You will find everything from stagecoaches, mud wagons, buggies, Santa's sled, a circus wagon, a Paris-made coronation coach for an emperor (no kidding), and many vehicles used in Western films, such as the Surreys with fringe on top that were used in the film Oklahoma! and a buckboard used as a prop in High Chaparral. Because the Rodeo Parade Museum has a national reputation for its impeccable care and restoration of horse-drawn vehicles, many of the vehicles in the collection were shipped to the Museum from Eastern families to preserve their heritage.
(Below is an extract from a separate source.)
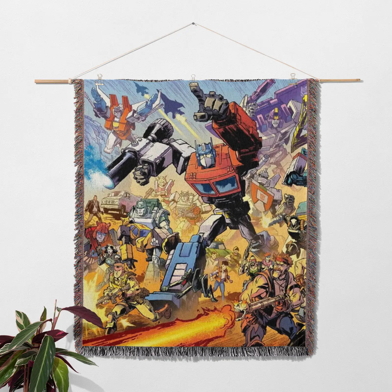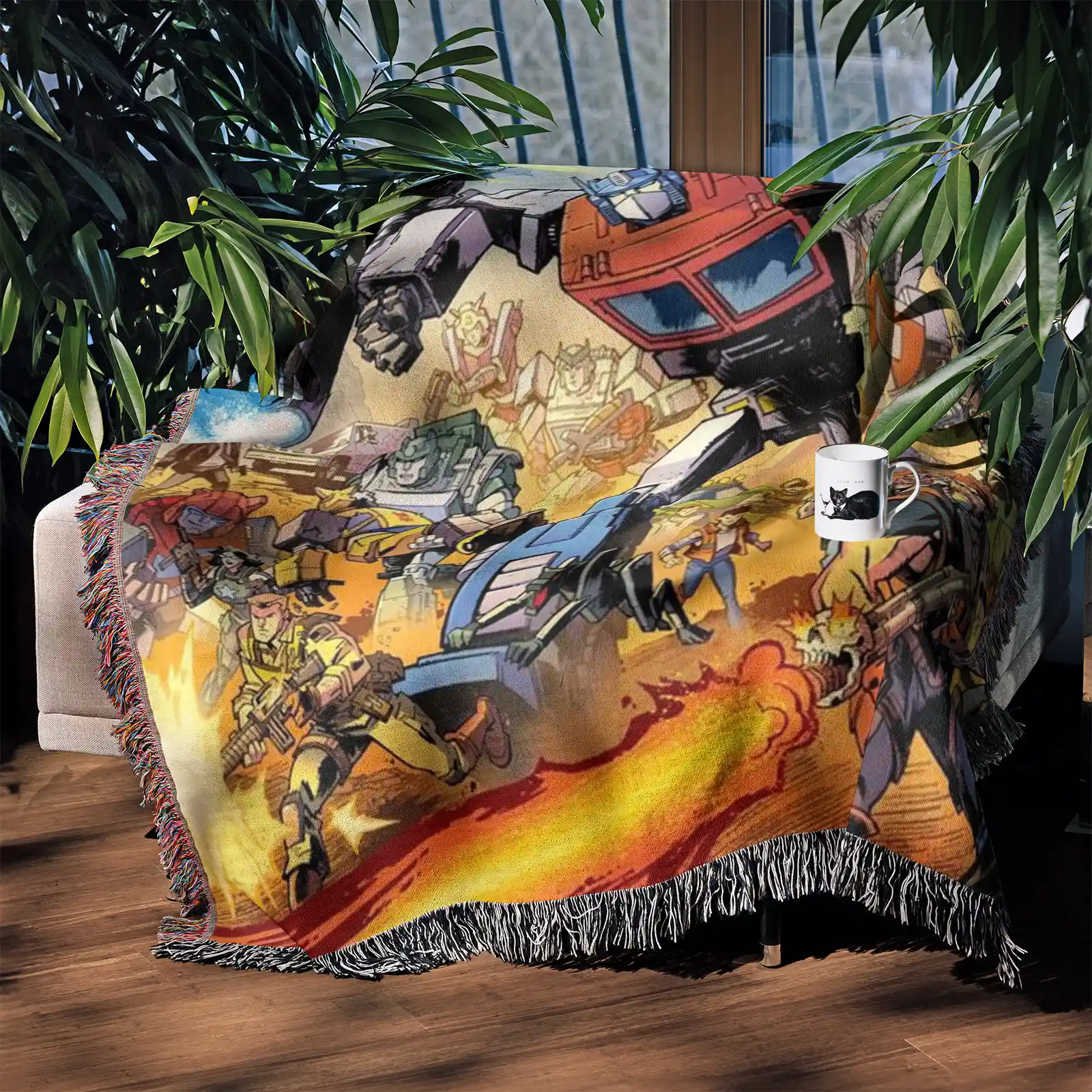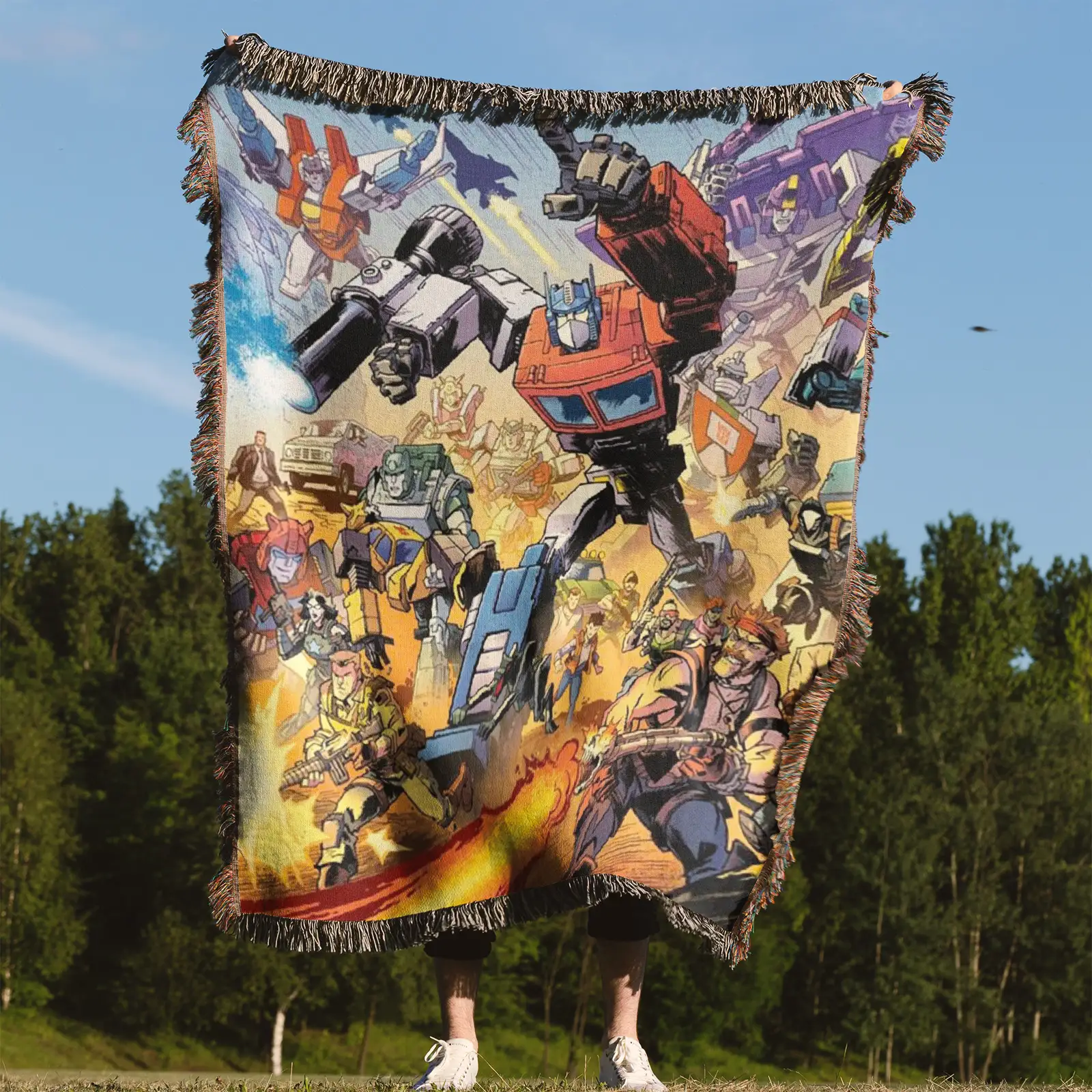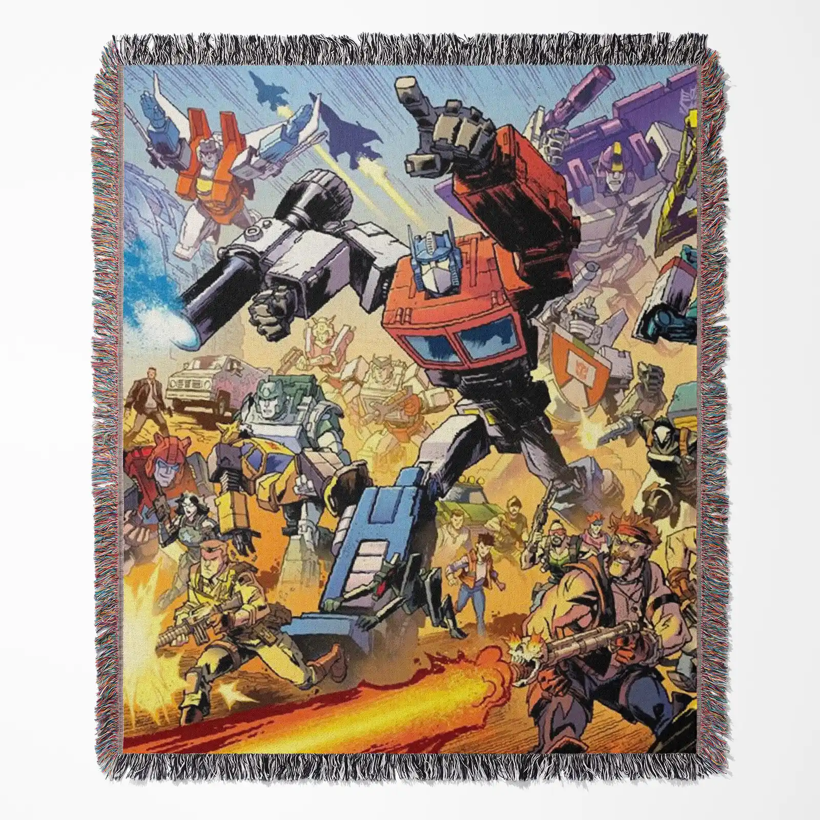 Showcase your space with this Transformers Woven Tapestry Throw Blanket – Stylish Wall Art, Unique Room Decor, Collectible Merch. Made from 100% cotton yarn with rich woven patterns, perfect as wall tapestry, bed blanket, or decorative throw.

You will recognize famous family names on some carriages, such as Ronstadt and Carnegie, that these beautiful vehicles once belonged to.
In addition to the buggies and wagons, there is a growing collection of downtown Tucson artifacts, including lifesize recreations of shops that were in downtown Tucson, and the grand El Conquistador Hotel, and miniature models of downtown, and all kinds of equestrian implements.
Where to Stay
The White Stallion Ranch – The top-rated dude ranch in Arizona, a classic high-end dude ranch centered on horse riding situated in majestic scenery and offering experiences to be long-remembered.
9251 W. Twin Peaks Rd, Tucson, AZ 85743
The Ritz-Carlton, Dove Mountain
15000 North Secret Springs Drive, Marana, AZ 85658 United States
Where to Dine
Cayton’s Burger Bistro – Family-friendly with gorgeous views, unmatched food, upscale resort casual
The Golf Club at Dove Mountain (at The Ritz-Carlton, Dove Mountain)
Lunch: 11 a.m.–4 p.m., 7 days a week; Dinner: 5 p.m.–8:30 p.m., Wed-Sat
Li’l Abner’s Steakhouse – Authentic rustic cowboy steakhouse and Old Hollywood hangout, full bar.
8501 N Silverbell Rd, Tucson, AZ 85743
Tue-Sun: 5–10 p.m.
Cattleman’s Café at Marana Stockyards – Cattle auctions Wednesdays. Cowboy diner.
14901 W Kirby Hughes Rd, Marana, AZ 85653
Mon-Sat: 6 a.m.–2 p.m.; Sun: 7 a.m.–2 p.m.
Now get along little doggies, and discover Marana’s roots!